To obtain the context infos, three new parameters are added to the hook:

  • input: used to obtain results from the previous hook stored in the context infos, and update it in the configuration of the current hook.

    • Basic usage: <key_to_updated>: <key_in_context_infos>, where <key_to_updated> is the key in the configuration of the current hook to be updated, and <key_in_context_infos> is the key of the previous result stored in the context infos.

    • Each pair of input parameters would replace the values in the <key_to_updated> with the values in the context infos with key <key_in_context_infos>. Nested keys using dot (.) notation are supported for both of them.

    • If only the result from the last hook is needed, a simple -1 can be used as the hook key in the <key_in_context_infos>.

  • output: used to store the results of the current hook in the context infos.

    • Basic usage: [<res_1_name>, <res_2_name>, ...], where <res_i_name> represents the ith output result of the current hook. If the output parameter is not specified, simple “res_i” is used automatically for the ith output result.

    • After the hook is executed, the results of the current hook are stored as dict in the context infos with the keys specified in the output parameter.

  • local: used to update the configuration of the current hook locally with specified values.

    • Basic usage: <key_to_updated>: <value>, where <key_to_updated> is the key in the configuration of the current hook to be updated, and <value> is the target value.

    • Each pair of local parameters would replace the values in the <key_to_updated> with the values specified in the <value>. Nested keys using dot (.) notation are supported.

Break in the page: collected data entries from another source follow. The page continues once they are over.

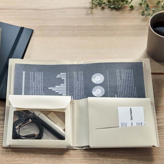 A slit designed to accommodate documents ranging from business cards to A6 size adds to the file's adaptability.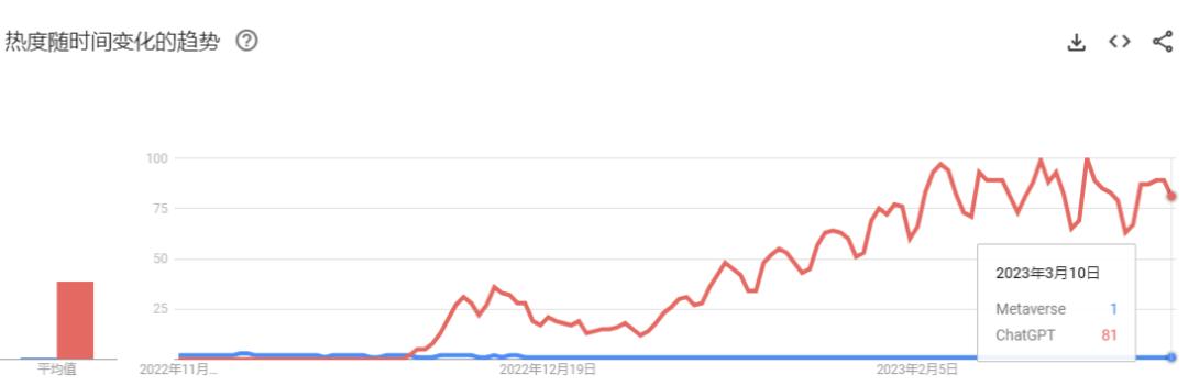 图 元宇宙(Metaverse)与ChatGPT的搜索热度比较(2022年11月至今)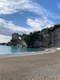 Su una spiaggia privata di sabbia scura - Stazione Marittima di Salerno nelle vicinanze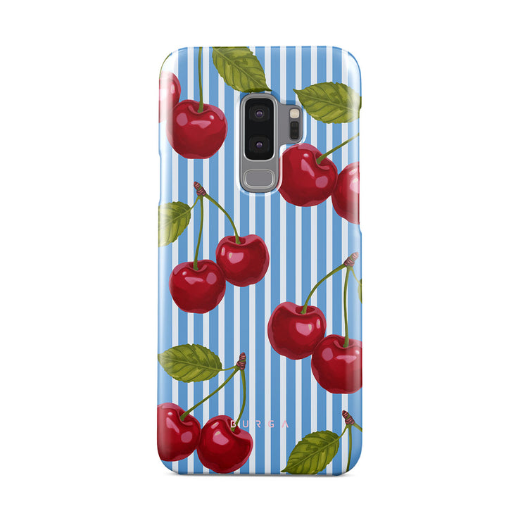 Cherries dangle like earrings from blue skies, a fun reminder of that first bite of summer, juicy and bursting with laughter. Meet our Sweet Moment Samsung Galaxy S9 Plus phone case design.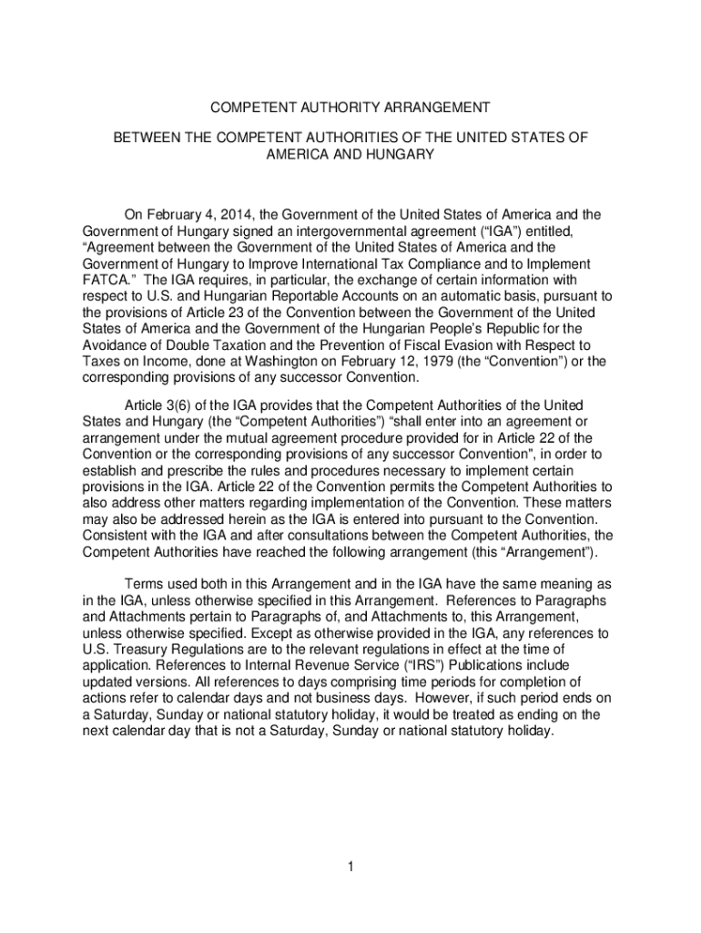 COMPETENT AUTHORITY ARRANGEMENT BETWEEN THE COMPETENT AUTHORITIES OF THE UNITED STATES OF AMERICA AND Hungarian February 4, 2014, the Government of the United States of America and the Government

An example of a hook using these parameters is shown below:

xxx_hook:
  meta_name: job_xxx
  input:
    dj_configs.dataset_path: pipeline1.name3.res4_key
    extra_configs.meta_paths: -1.res5_key
  output: ['res6_key', 'res7_key']
  local:
    extra_configs.arg2: 42
  dj_configs: '/path/to/dj_configs.yaml'
  extra_configs:
    arg1: "arg1_val"
    arg2: 404
    meta_paths: "<placeholder>"

In this hook, it uses all three parameters:

  • In input, the hook replaces the dataset_path in the dj_configs in YAML format with the value of the res4_key stored in the context infos of the previous hook with meta_name “name3” in the pipeline named “pipeline1”. Besides, it replaces the meta_paths in the extra_configs with the value of the res5_key stored in the context infos of the previous hook specified by “-1”.

  • In output, the hook outputs two results named res6_key and res7_key, which will be stored in the context infos as following:

{
  'meta_name': 'job_xxx',
  'res6_key': <output_1>,
  'res7_key': <output_2>,
}
  • In local, the hook replaces the original value of arg2 in the extra_configs, which is 404 before, with the target value 42.